[Saved entries]
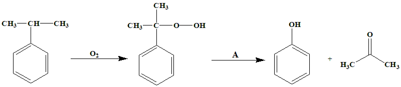 The correct answer is option 4. \(H_3O^+\). The name of the initial reactant is cumene. Its scientific name is isopropyl benzene. It is a natural by-product of the extraction of crude oil and coal tar which are petroleum products. Cumene is a colourless and volatile liquid which has a smell similar to gasoline. It is used in industries for the production of phenol on a large scale. The reaction of cumene that produces phenol is as shown below:
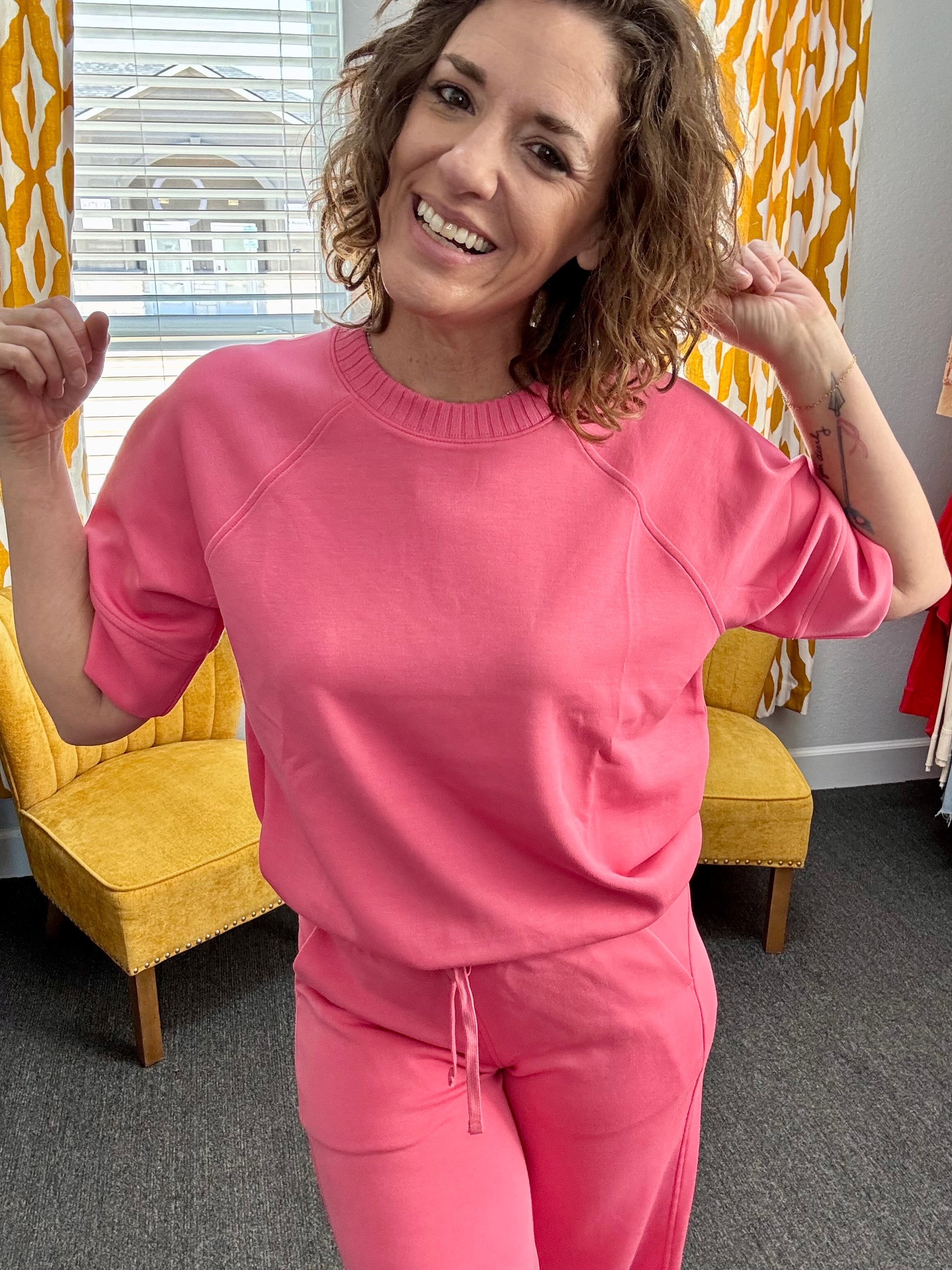 Perfect on its own with denim or styled as a matching set with our Brink Pink Pants. Comfortable, chic, and bold — just the way we like it.
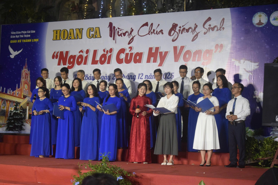 Niềm vui Giáng Sinh ấy lan tỏa khắp giáo xứ Thánh Linh, khi tối ngày 20.12.2025, cộng đoàn cùng quy tụ tại sảnh đường giáo xứ để tham dự Đêm Hoan Ca mừng Chúa Giáng Sinh 2025 với chủ đề “Ngôi Lời của Hy Vọng”. Đêm diễn không chỉ là một chương trình thánh ca, nghệ thuật, mà còn là lời tuyên xưng đức tin sống động, thắp lên niềm hy vọng Kitô giáo giữa đời sống hôm nay.
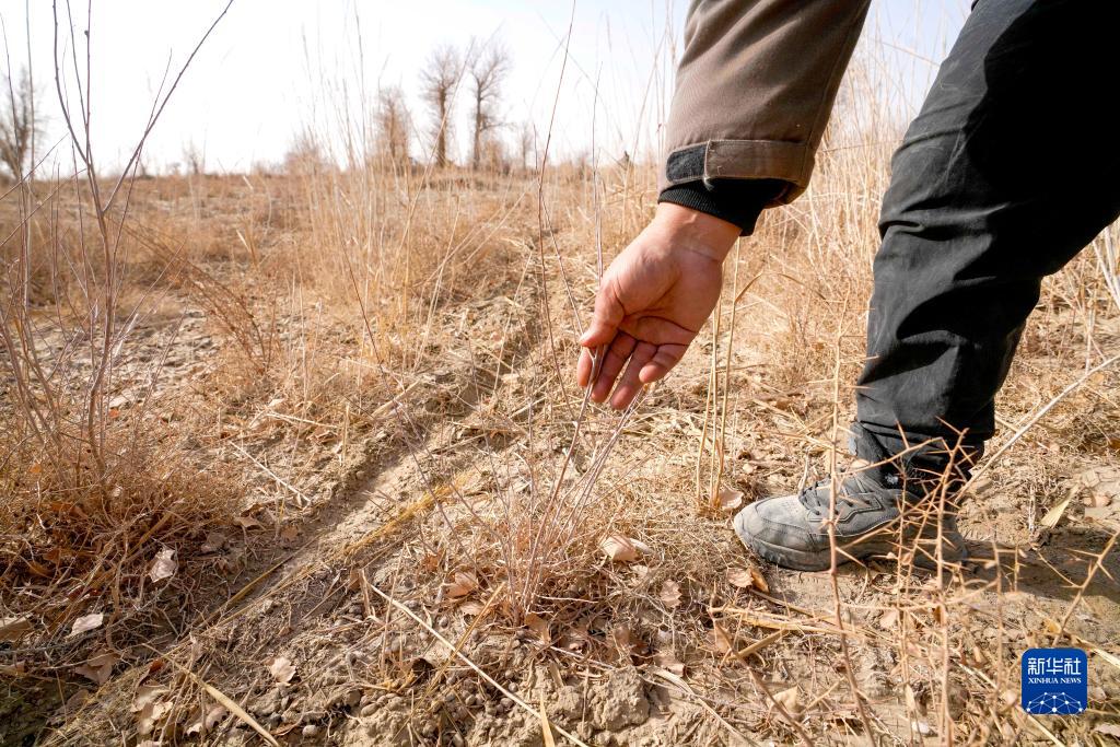 在國家級公益林尉犁縣營(yíng)盤(pán)管護站,站長(cháng)外力·吾斯曼俯身指著(zhù)地上一叢叢像紅柳枝條的小苗介紹說(shuō),之前渴死的老胡楊,只要有水,就會(huì )從根上長(cháng)出幼苗(2月21日攝)。新華社記者 趙戈 攝
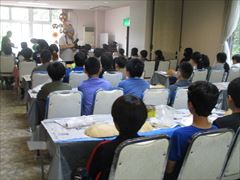 荷物を片付け、部屋の整理整頓をしたあと、ホールでふくべ細工体験を行いました。
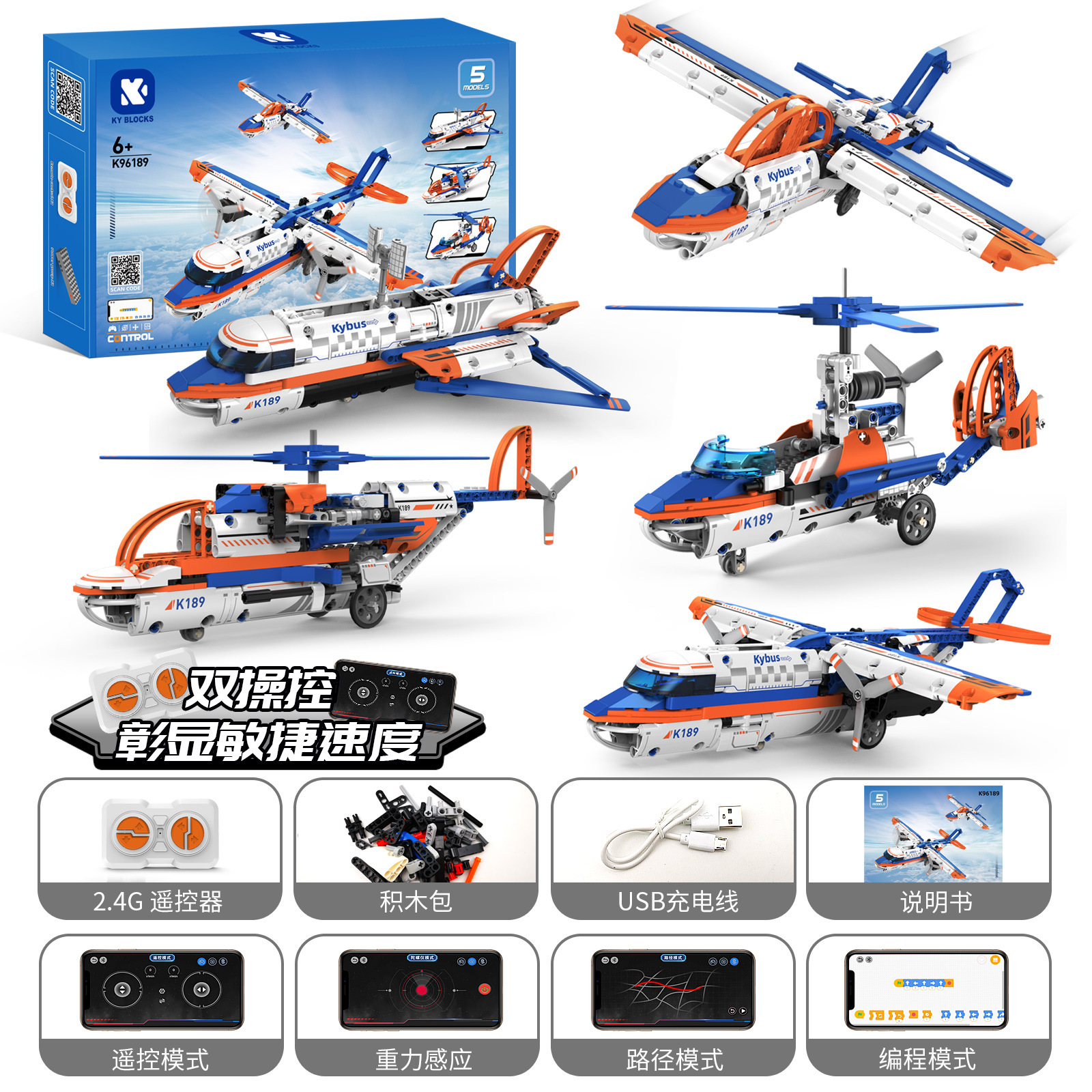 • K96189(5가지 변형) 조립 항공기 함대(리모컨 + 휴대폰 프로그래밍)
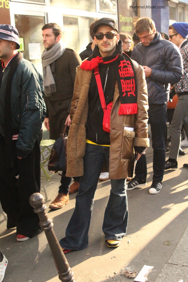 La semaine de la mode homme commence. C’est une bonne période pour réaliser des photos « street style » prises sur le vif donnant un panorama de la mode actuelle. On retrouve dans la rue la plupart des principales tendances de cet hiver, comme les influences seventies, le mouton retourné, les motifs camouflage, les coloris rouges, oranges, marron, marsala.

◆ Exercise ◆
Exactly as they appear, repeat the lines from the one containing "Perfect on its" through the last line of the entries, counting both ends. Pictures stay out.

◆ Written reply ◆
 Perfect on its own with denim or styled as a matching set with our Brink Pink Pants. Comfortable, chic, and bold — just the way we like it.
 Niềm vui Giáng Sinh ấy lan tỏa khắp giáo xứ Thánh Linh, khi tối ngày 20.12.2025, cộng đoàn cùng quy tụ tại sảnh đường giáo xứ để tham dự Đêm Hoan Ca mừng Chúa Giáng Sinh 2025 với chủ đề “Ngôi Lời của Hy Vọng”. Đêm diễn không chỉ là một chương trình thánh ca, nghệ thuật, mà còn là lời tuyên xưng đức tin sống động, thắp lên niềm hy vọng Kitô giáo giữa đời sống hôm nay.
 在國家級公益林尉犁縣營(yíng)盤(pán)管護站,站長(cháng)外力·吾斯曼俯身指著(zhù)地上一叢叢像紅柳枝條的小苗介紹說(shuō),之前渴死的老胡楊,只要有水,就會(huì )從根上長(cháng)出幼苗(2月21日攝)。新華社記者 趙戈 攝
 荷物を片付け、部屋の整理整頓をしたあと、ホールでふくべ細工体験を行いました。
 • K96189(5가지 변형) 조립 항공기 함대(리모컨 + 휴대폰 프로그래밍)
 La semaine de la mode homme commence. C’est une bonne période pour réaliser des photos « street style » prises sur le vif donnant un panorama de la mode actuelle. On retrouve dans la rue la plupart des principales tendances de cet hiver, comme les influences seventies, le mouton retourné, les motifs camouflage, les coloris rouges, oranges, marron, marsala.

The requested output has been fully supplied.